Test Specimen

Consider a titanium test specimen with a 2” diameter and a 10” length is subjected to a 150,000 lbs compressive force for 5 minutes. After completing the test, the specimen measured a length decrease of 0.25”. If the Poisson’s ratio was 0.2, how many inches did the diameter increase by?

Hint
Poisson’s ratio measures a material’s deformation in directions perpendicular to the loading/pressure direction:
$$$\upsilon=-\frac{\varepsilon_{lateral}}{\varepsilon_{longitudinal}}$$$
where $$\varepsilon_{lateral}$$ is the lateral strain, and $$\varepsilon_{longitudinal}$$ is the longitudinal strain.
Hint 2
Strain is the change in length per unit length.
$$$\varepsilon=\frac{\Delta L}{L_o} $$$
where $$\varepsilon$$ is the engineering strain, $$\Delta L$$ is the change in length, and $$L_o$$ is the original length.
Poisson’s ratio measures a material’s deformation in directions perpendicular to the loading/pressure direction:
$$$\upsilon=-\frac{\varepsilon_{lateral}}{\varepsilon_{longitudinal}}$$$
where $$\varepsilon_{lateral}$$ is the lateral strain, and $$\varepsilon_{longitudinal}$$ is the longitudinal strain.

Strain is the change in length per unit length.
$$$\varepsilon=\frac{\Delta L}{L_o} $$$
where $$\varepsilon$$ is the engineering strain, $$\Delta L$$ is the change in length, and $$L_o$$ is the original length.

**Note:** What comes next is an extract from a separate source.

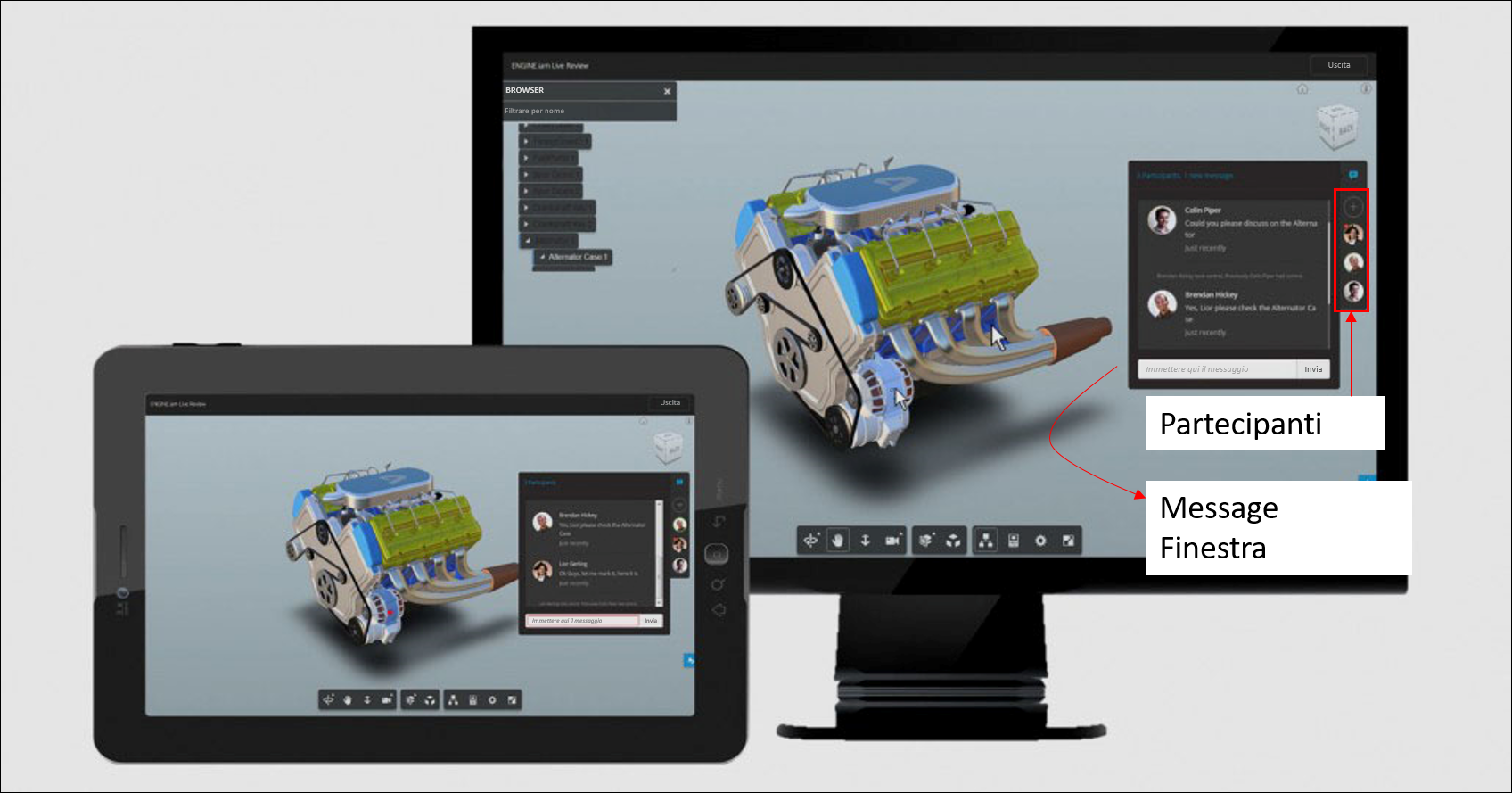 I partecipanti comunicano tramite la funzionalità della chat. Attualmente, tutti gli strumenti del visualizzatore di A360, ad eccezione degli strumenti Revisione e Commenti, sono disponibili durante una sessione di Revisione in tempo reale.

First, let’s analyze the strain in the longitudinal direction:
$$$\varepsilon_{longitudinal}=\frac{\Delta L}{L_o}=\frac{0.25in}{10in}=0.025$$$
Because the Poisson’s ratio is known, let’s solve for the strain in the lateral direction next:
$$$0.2=\frac{\varepsilon_{lateral}}{0.025}\Rightarrow \varepsilon_{lateral}= (0.2)(0.025)=0.005$$$
Thus, the diameter increased by:
$$$0.005=\frac{\Delta D}{2in}\Rightarrow \Delta D=(0.005)(2in)=0.01\:in$$$
0.01 in